Set transfection pcDB empty carrier, intracellular uciferase activity ratio (Photinus pyralis LUC fluorescence intensity/jellyfish luciferases fluorescence intensity is represented) is 1 when not adding stimulator, intracellular uciferase activity ratio is represented with relative value as standard under other conditions.
The result:
(1) NFIF1 induces the restraining effect of NF-kB activation to TNF α
With reference to Fig. 5, use 0,10,20,40 respectively, 80ng pcDNA3.1B-NFIF1 and 20ngpNF-B-luc cotransfection 293T cell, increase along with pcDNA3.1B-NFIF1 consumption in the cotransfection, activity with luciferase in the 293T cell of TNF α stimulation descends rapidly significantly, and the activity of luciferase descends comparatively not slowly in the 293T cell that stimulates with TNF α, shows that the expression product of NFIF1 in the 293T cell induce the NF-kB activation that strong restraining effect is arranged to TNF α.

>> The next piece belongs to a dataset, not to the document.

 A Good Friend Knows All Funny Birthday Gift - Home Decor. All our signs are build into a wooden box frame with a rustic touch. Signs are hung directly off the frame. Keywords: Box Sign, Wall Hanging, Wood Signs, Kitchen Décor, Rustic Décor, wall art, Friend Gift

(2) NFIF1 induces the restraining effect of NF-kB activation to the PMA+ ionomycin
With reference to Fig. 6, use 0,10,20,40 respectively, 80ng pcDNA3.1B-NFIF1 and 20ng pNF-κ B-luc cotransfection 293T cell, induce similar with TNF α, increase along with the consumption of pcDNA3.1B-NFIF1 in the cotransfection, induce the activity of luciferase in the 293T cell of stimulation to descend rapidly significantly with the PMA+ ionomycin, and the activity of luciferase descends gently in the 293T cell that stimulates with the PMA+ ionomycin, shows that equally the expression product of NFIF1 in the 293T cell induce the NF-kB activation that strong restraining effect is arranged to the PMA+ ionomycin.

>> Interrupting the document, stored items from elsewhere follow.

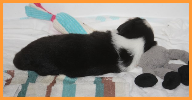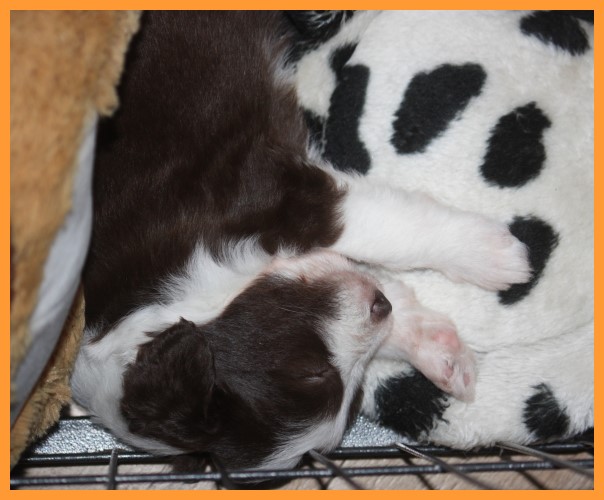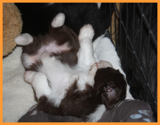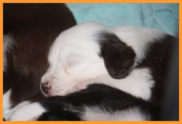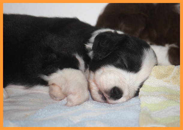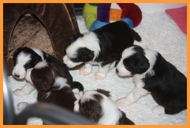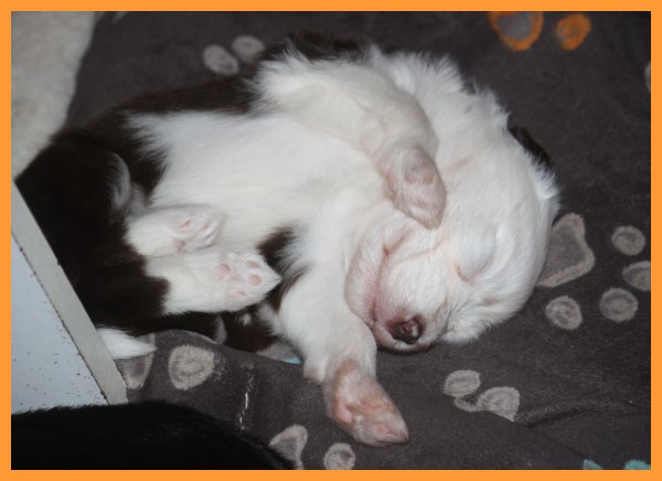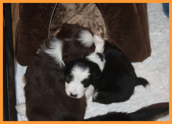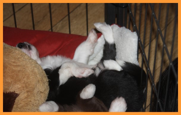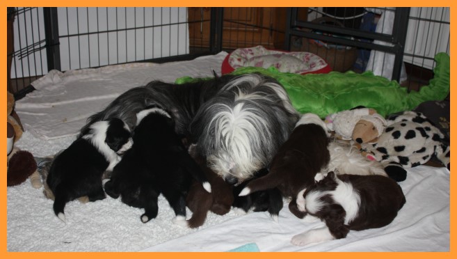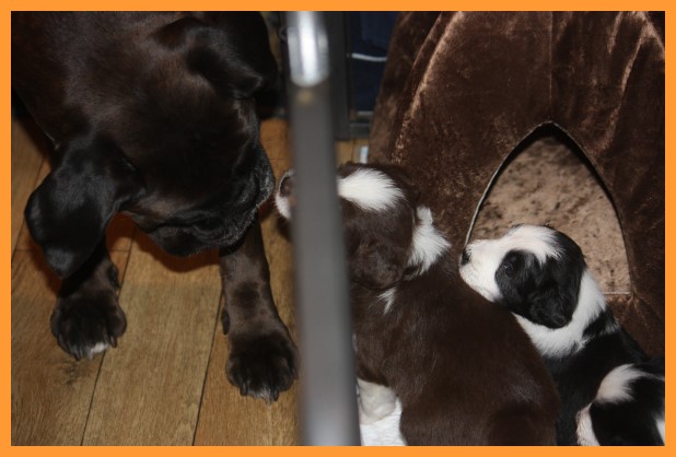 Heute sind die Welpen 4 Wochen und 3 Tage. Inzwischen sind die Spielphasen länger und wilder geworden. Die ersten Besucher waren auch schon da und haben sich mit ihren zukünftigen Familienmitgliedern ordentlich beschnuppert. ;o)
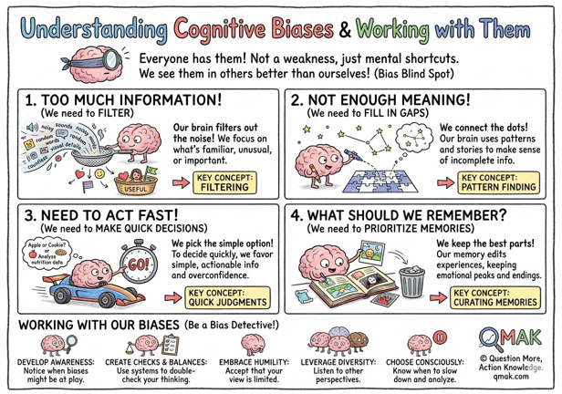 They’re not a sign of weakness or stupidity. From Nobel Prize-winning scientists to everyday decision-makers, we all use these mental shortcuts. The key difference isn’t whether we have biases (we all do), but whether we’re aware of them and can recognize when they might be influencing our judgment.
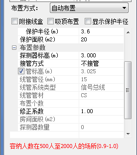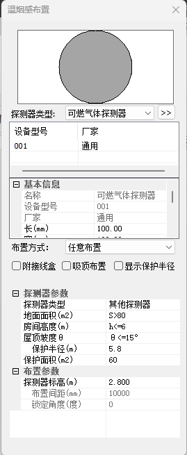 【显示保护半径】:勾选后,将在布置的时候显示之前所有布置过的温烟感的保护半径。
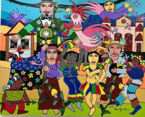 As características da arte de Clóvis Júnior são bem definidas pelos seus traços, pelas cores fortes e vibrantes e o conjunto das composições. “A minha inspiração vem das tradições, das festas e da religiosidade que eu trouxe da minha terra Guarabira, mas também retrato o meu ambiente, o que me toca, coisas relacionadas a minha região. Há elementos que estão presentes na maioria das minhas obras, como os cajus — que são memórias do bairro onde moro há mais de 30 anos, o Bessa”, conta.

Embodiment 5, two luciferase reporter gene method are measured the restraining effect of NFIF1 to MEKK inductive NF-kB activation.Except with 20ng pNF-κ B-luc, 2ngpRL-SV40,0-80ngpcDNA3.1B-NFIF1 (supplying with the pcDNA3.1B carrier during not enough 80ng) and 20ngpFC-MEKK (Stratageme, 219077) cotransfection 293T cell, and transfection is after 24 hours directly beyond the lysing cell, and all the other are identical with embodiment 4.
The result:
With reference to Fig. 7, use 0,10,20,40 respectively, 80ng pcDNA3.1B-NFIF1 and 20ngpNF-κ B-luc, 2ngpRL-SV40 and 20ng pFC-MEKK cotransformation 293T cell, NFIF1 to similar to TNF, PMA+ ionomycin inductive, illustrates that NFIF1 has strong restraining effect to MEKK inductive NF-kB activation to the restraining effect of MEKK inductive NF-kB activation thus.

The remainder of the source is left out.